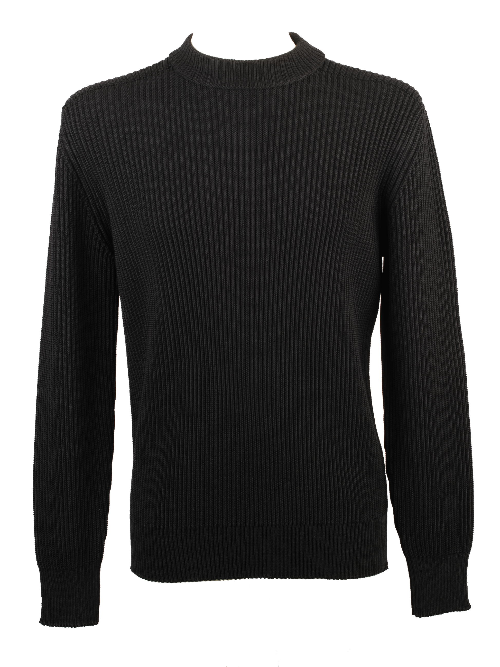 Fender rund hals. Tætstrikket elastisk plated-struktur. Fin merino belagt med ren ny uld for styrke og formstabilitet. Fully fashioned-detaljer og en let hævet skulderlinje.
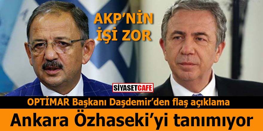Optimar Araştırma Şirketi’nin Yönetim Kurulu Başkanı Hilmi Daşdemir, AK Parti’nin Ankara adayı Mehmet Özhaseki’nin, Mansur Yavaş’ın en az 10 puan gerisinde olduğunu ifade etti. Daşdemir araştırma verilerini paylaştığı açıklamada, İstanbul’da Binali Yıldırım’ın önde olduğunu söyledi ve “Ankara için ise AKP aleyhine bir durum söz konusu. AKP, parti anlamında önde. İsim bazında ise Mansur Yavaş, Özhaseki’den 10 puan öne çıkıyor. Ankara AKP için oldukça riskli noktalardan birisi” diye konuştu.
========
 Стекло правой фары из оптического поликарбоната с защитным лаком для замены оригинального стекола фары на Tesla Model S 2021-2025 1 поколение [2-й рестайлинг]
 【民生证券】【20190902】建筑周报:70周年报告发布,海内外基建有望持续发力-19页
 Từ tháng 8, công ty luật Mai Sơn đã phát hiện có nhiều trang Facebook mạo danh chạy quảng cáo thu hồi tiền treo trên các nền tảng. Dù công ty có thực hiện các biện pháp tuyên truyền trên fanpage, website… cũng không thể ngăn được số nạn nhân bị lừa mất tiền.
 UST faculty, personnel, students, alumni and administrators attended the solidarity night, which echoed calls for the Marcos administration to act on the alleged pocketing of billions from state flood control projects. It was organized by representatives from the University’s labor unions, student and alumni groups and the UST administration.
========
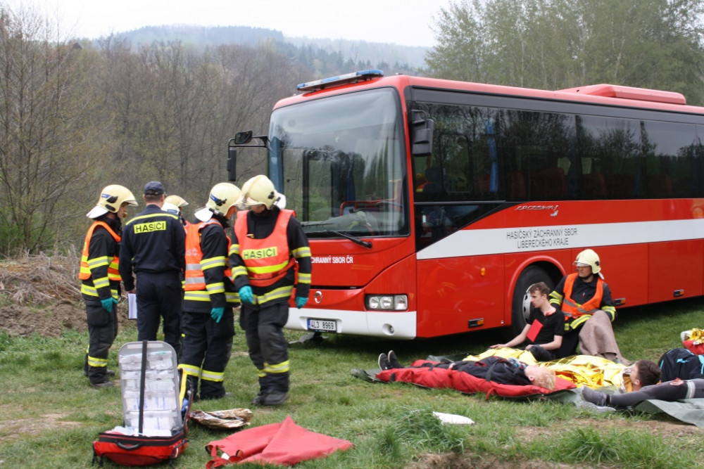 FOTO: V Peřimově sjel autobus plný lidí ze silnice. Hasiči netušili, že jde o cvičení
========
* **WHAT YOU SHOULD DO**
An exact copy of the lines above, from the one containing "Từ tháng 8, công" through the one containing "UST faculty, personnel, students, alumni", is the whole of the answer.

* **EXERCISE RESULT**
 Từ tháng 8, công ty luật Mai Sơn đã phát hiện có nhiều trang Facebook mạo danh chạy quảng cáo thu hồi tiền treo trên các nền tảng. Dù công ty có thực hiện các biện pháp tuyên truyền trên fanpage, website… cũng không thể ngăn được số nạn nhân bị lừa mất tiền.
 UST faculty, personnel, students, alumni and administrators attended the solidarity night, which echoed calls for the Marcos administration to act on the alleged pocketing of billions from state flood control projects. It was organized by representatives from the University’s labor unions, student and alumni groups and the UST administration.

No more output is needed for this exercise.